Dosing schedule considerations for clinical trial design

Many compounds show activity when evaluated in vitro and in vivo within the laboratory setting. However, translating these data into safe and convenient dosing schedules for human testing while demonstrating potential efficacy, can be complex. This can be illustrated using examples of drug candidates that performed well in vitro, but were less obviously effective when tested in vivo and in patients.

Bcl-2 inhibitors provide an ideal example of this problem. In principle, Bcl-2 inhibitors should increase the efficacy of conventional chemotherapy; however, route and timing of administration can lead to unexpected results when applied in the clinical setting. The ability of a combination of bortezomib and oblimersen to sensitize human lymphoma cells to cyclophosphamide was investigated by O’Connor et al. [55]. Cytotoxicity assays were used to determine whether there were any additive or synergistic effects from combining bortezomib, oblimersen, and cyclophosphamide. Then different dosing schedules of the combination were tested in vivo using a SCID mouse model of human lymphoma. Results showed that the effects of bortezomib and oblimersen were additive and markedly enhanced the efficacy of cyclophosphamide, but that simultaneous administration of all three drugs resulted in compromised treatment outcomes. However, animals treated with the triple combination in a schedule-dependent manner (48 h of pre-exposure to oblimersen prior to bortezomib and cyclophosphamide) demonstrated complete tumor regression (histologically confirmed by marked necrosis and caspase-3 activation).

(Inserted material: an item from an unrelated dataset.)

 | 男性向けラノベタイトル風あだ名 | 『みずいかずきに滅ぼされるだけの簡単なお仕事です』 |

Similar studies have been conducted with the Bcl-2 inhibitor ABT-737 evaluating the effects of simultaneous administration, with both 24 and 48 h of pre-exposure prior to administration of a proteasome inhibitor. When used as single agents in the same concentrations as in the combination therapies, ABT-737 and proteasome inhibitors modestly decreased mitochondrial membrane potential. In contrast, the combination of drugs strongly induced mitochondrial membrane depolarization and induced apoptosis [20]. Analysis of different dosing schedules highlighted differences in the efficacy of different regimens in SCID mouse models of MCL. Indeed when bortezomib was administered as 0.5 mg/kg on day 1 and at 0.75 mg/kg on days 5 and 10 in combination with ABT-737, tumor responses were more pronounced than other regimens delivering the same total does of bortezomib.

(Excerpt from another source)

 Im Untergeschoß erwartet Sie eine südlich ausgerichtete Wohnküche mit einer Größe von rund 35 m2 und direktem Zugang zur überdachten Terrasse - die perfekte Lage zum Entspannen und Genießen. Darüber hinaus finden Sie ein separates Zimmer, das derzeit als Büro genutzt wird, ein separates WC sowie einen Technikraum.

The same group published findings from investigations conducted using AT-101 (a BH3 mimetic) [23]. In vitro, AT-101 exhibited concentration- and time-dependent cytotoxicity against lymphoma and multiple myeloma cell lines, and enhanced the activity of cytotoxic agents. In MCL cell lines, AT-101 was synergistic with carfilzomib, etoposide, doxorubicin, and cyclophosphamide. When AT-101 was administered sequentially with cyclophosphamide, but not simultaneously, the drugs acted synergistically in a cell line of transformed large B-cell lymphoma. Furthermore, addition of AT-101 to cyclophosphamide and rituximab in a SCID mouse model of drug-resistant B-cell lymphoma enhanced the efficacy of conventional therapy, but only when given in a schedule-dependent manner.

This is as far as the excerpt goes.